XVII Article XVII — Amendments to These Terms
17.1 The Company may amend these Terms from time to time. The amended Terms will be posted at the same URL, and the "Effective Date" at the top of this document will be updated accordingly.
17.2 For material amendments that substantially affect your rights or obligations, the Company will provide notice via email to the address associated with your Account and/or through a prominent in-app notice at least seven (7) calendar days before the amendments take effect.
17.3 Your continued use of the Application after the effective date of any amendment constitutes your acceptance of the amended Terms. If you do not agree to the amended Terms, you must stop using the Application and delete it from all devices prior to the effective date.
XVIII Article XVIII — General Provisions
18.1 Severability. If any provision of these Terms is found by a court of competent jurisdiction to be invalid, illegal, or unenforceable, the remaining provisions shall continue in full force and effect, and the invalid provision shall be deemed modified to the minimum extent necessary to make it valid and enforceable.
18.2 No Waiver. The Company's failure to enforce any right or provision of these Terms shall not constitute a waiver of such right or provision, nor shall any single or partial exercise of any right preclude any further exercise thereof.

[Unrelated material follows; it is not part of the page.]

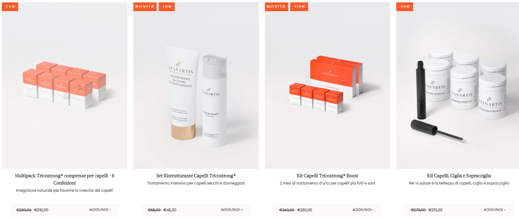 Entrando nello store di Stanartis si scopre un catalogo vasto, strutturato e completo. Per la cura dei capelli, i prodotti anticaduta e rinforzanti agiscono sulla radice, nutrendo il bulbo e stimolando la microcircolazione. Per la pelle, invece, le formule anti-età e illuminanti restituiscono tono, elasticità e luminosità, contrastando i segni del tempo e le discromie cutanee.
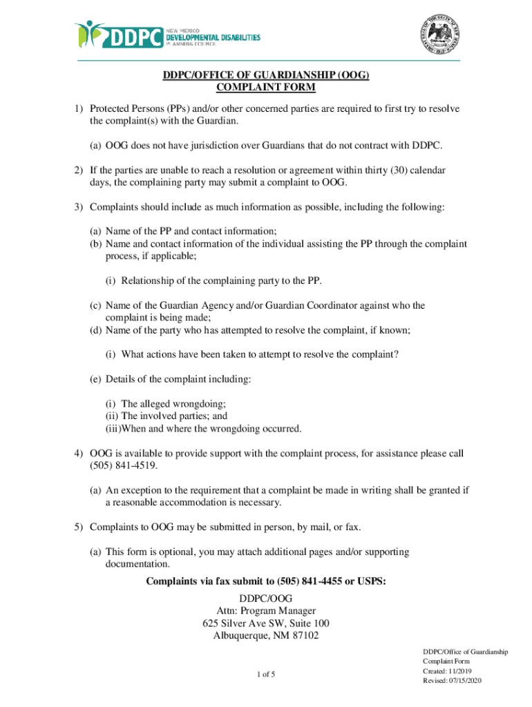 DDC/OFFICE OF GUARDIANSHIP (DOG) COMPLAINT FORM 1) Protected Persons (PPS) and/or other concerned parties are required to first try to resolve the complaint(s) with the Guardian. (a) DOG does not

18.3 Assignment. You may not assign, delegate, or transfer your rights or obligations under these Terms without the Company's prior written consent. The Company may assign these Terms, in whole or in part, without your consent in connection with a merger, acquisition, reorganization, or sale of assets.
18.4 Entire Agreement. These Terms, together with the Company's Privacy Policy (which is incorporated herein by reference), constitute the entire agreement between you and the Company with respect to the Application and supersede all prior or contemporaneous agreements, representations, or understandings, whether written or oral.
XIX Article XIX — Contact Information and Notices
19.1 All questions, complaints, notices, or requests regarding these Terms should be directed to the Company through the following channels:
(b) In-Application Support: Settings → Help & Support.
19.2 The Company shall endeavor to respond to all inquiries within forty-eight (48) hours of receipt. Notices from the Company to you shall be deemed effective when sent to the email address associated with your Account or when posted as an in-app notification.
Response Commitment: We are committed to addressing all inquiries promptly and transparently. If you are not satisfied with our response, you retain the right to pursue any remedies available to you under applicable law.